> [TASK DESCRIPTION]
Look through the entries below and copy exactly the part that begins with the line containing "The colloidal behavior" and ends with the line containing "Графики, приведенные на". Do not copy the pictures.

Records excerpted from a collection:
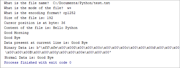 bin_file = open("C:/Documents/Python/bfile.exe", mode="wb+") message_content = data.encode("utf-32") bin_file.write(message_content) bin_file.seek(0) bdata = bin_file.read() print("Binary Data is:", bdata) ndata = bdata.decode("utf-32") print("Normal Data is:", ndata) file.close() bin_file.close() |
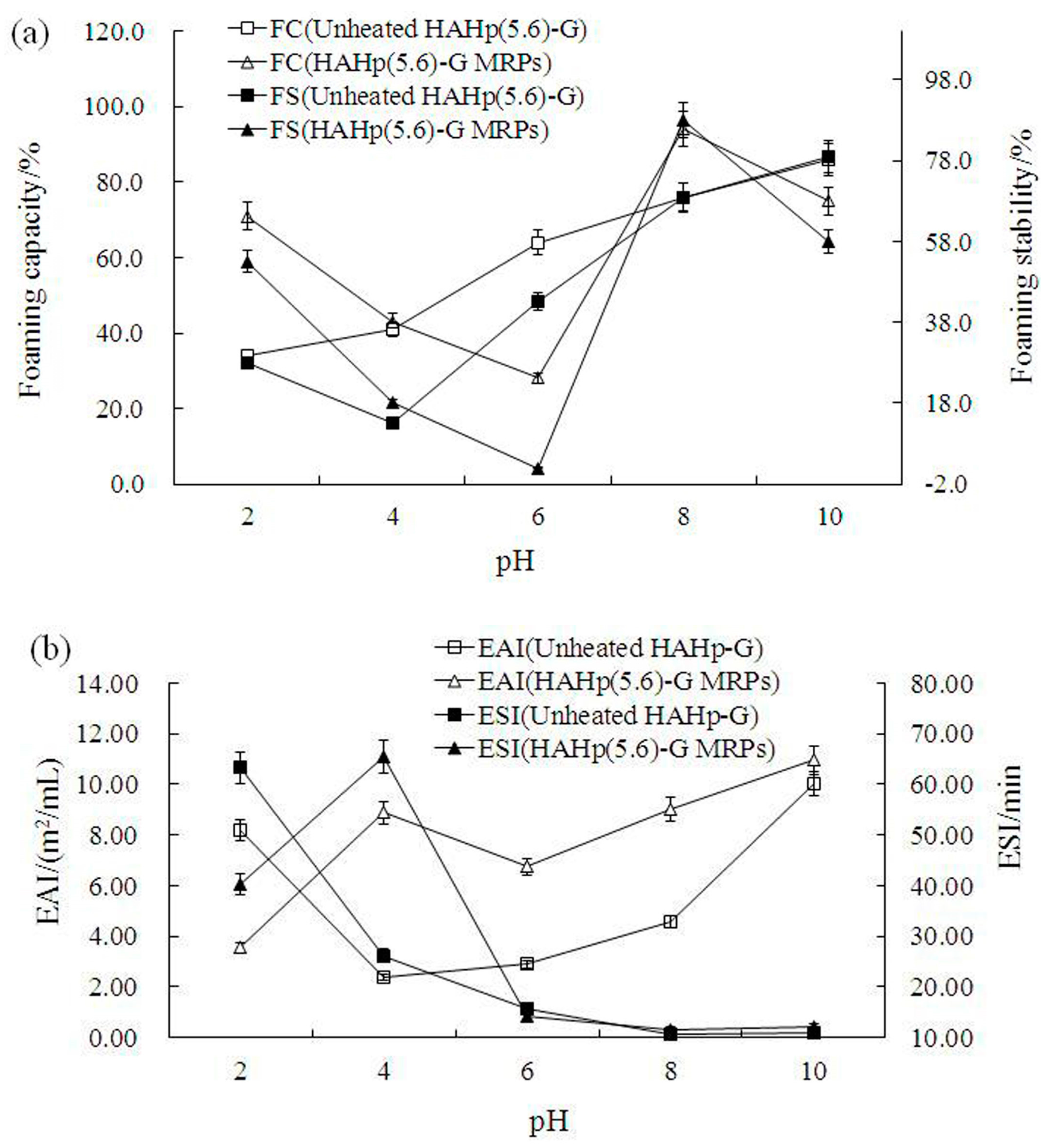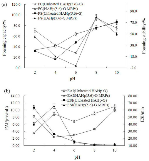 The colloidal behavior of proteins is influenced by pH and consequently affects the techno-functionality of proteins and their incorporation into various foods [11]. In this study, the functional properties including foaming capacity (FC), foaming stability (FS), emulsifying activity index (EAI), and emulsion stability index (ESI) for HAHp(5.6)-G MRPs and unheated HAHp(5.6)-G, both having undergone the same pH condition in a pH range were investigated. As shown in Figure 5a, the FC of HAHp(5.6)-G was enhanced with the increased pH values. The lowest FS for HAHp(5.6)-G was observed at the pH 4.0 (12.5%), whereas the lowest and highest FC of HAHp(5.6)-G MRPs were found at pH 6.0 (27.5%) and pH 8.0 (94.5%), respectively. Similar to the result of FC, HAHp(5.6)-G MRPs demonstrated the lowest and the highest FS at pH 6.0 (2.0%) and pH 8.0 (87.5%), respectively. The nature of the film in the foam and the extent of protein-protein or peptides interaction within the matrix could determine the FS of proteins or peptides [55].
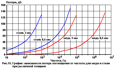 Графики, приведенные на рисунке 15, позволяют сравнить потери при поглощении магнитного поля для стали и меди при двух значениях толщины экрана. Трехмиллиметровый стальной экран достаточно эффективен на частотах выше 200 Гц, а полумиллиметровый медный экран хорошо работает на частотах выше 1 МГц. Слабое место экранирования проявляется на более низких частотах, включая 50-60 Гц сетевого напряжения – основной источник наводок, связанный с влиянием магнитного поля.
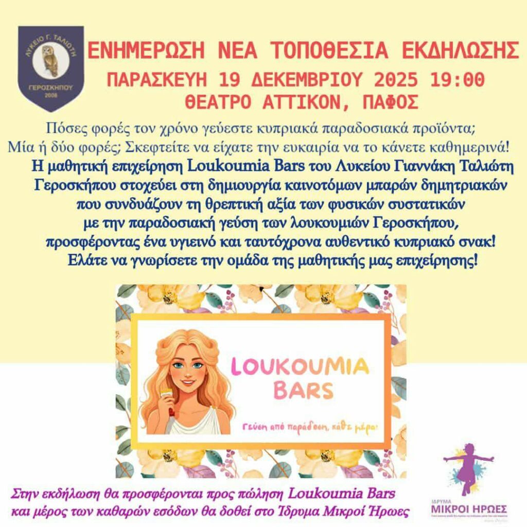 Το κοινό καλείται να γνωρίσει από κοντά την ομάδα της μαθητικής επιχείρησης. Στο πλαίσιο της εκδήλωσης θα διατίθενται προς πώληση Loukoumia Bars, ενώ μέρος των καθαρών εσόδων θα διατεθεί στο Ίδρυμα Μικροί Ήρωες.
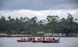 Wisatawan beraktivitas menggunakan perahu karet di kawasan wisata Situ Cileunca, Pangalengan, Kabupaten Bandung, Selasa (22/3/2022). Pemerintah Provinsi Jawa Barat terus menggenjot pengembangan destinasi dan infrastruktur sektor pariwisata guna mencapai target 36 hingga 40 juta kunjungan wisatawan di tahun 2022. Hal tersebut sebagai salah satu upaya pemulihan ekonomi Jawa Barat akibat dampak pandemi Covid-19. (FOTO : REPUBLIKA/ABDAN SYAKURA)

> [OUTPUT FOR THIS TASK]
 The colloidal behavior of proteins is influenced by pH and consequently affects the techno-functionality of proteins and their incorporation into various foods [11]. In this study, the functional properties including foaming capacity (FC), foaming stability (FS), emulsifying activity index (EAI), and emulsion stability index (ESI) for HAHp(5.6)-G MRPs and unheated HAHp(5.6)-G, both having undergone the same pH condition in a pH range were investigated. As shown in Figure 5a, the FC of HAHp(5.6)-G was enhanced with the increased pH values. The lowest FS for HAHp(5.6)-G was observed at the pH 4.0 (12.5%), whereas the lowest and highest FC of HAHp(5.6)-G MRPs were found at pH 6.0 (27.5%) and pH 8.0 (94.5%), respectively. Similar to the result of FC, HAHp(5.6)-G MRPs demonstrated the lowest and the highest FS at pH 6.0 (2.0%) and pH 8.0 (87.5%), respectively. The nature of the film in the foam and the extent of protein-protein or peptides interaction within the matrix could determine the FS of proteins or peptides [55].
 Графики, приведенные на рисунке 15, позволяют сравнить потери при поглощении магнитного поля для стали и меди при двух значениях толщины экрана. Трехмиллиметровый стальной экран достаточно эффективен на частотах выше 200 Гц, а полумиллиметровый медный экран хорошо работает на частотах выше 1 МГц. Слабое место экранирования проявляется на более низких частотах, включая 50-60 Гц сетевого напряжения – основной источник наводок, связанный с влиянием магнитного поля.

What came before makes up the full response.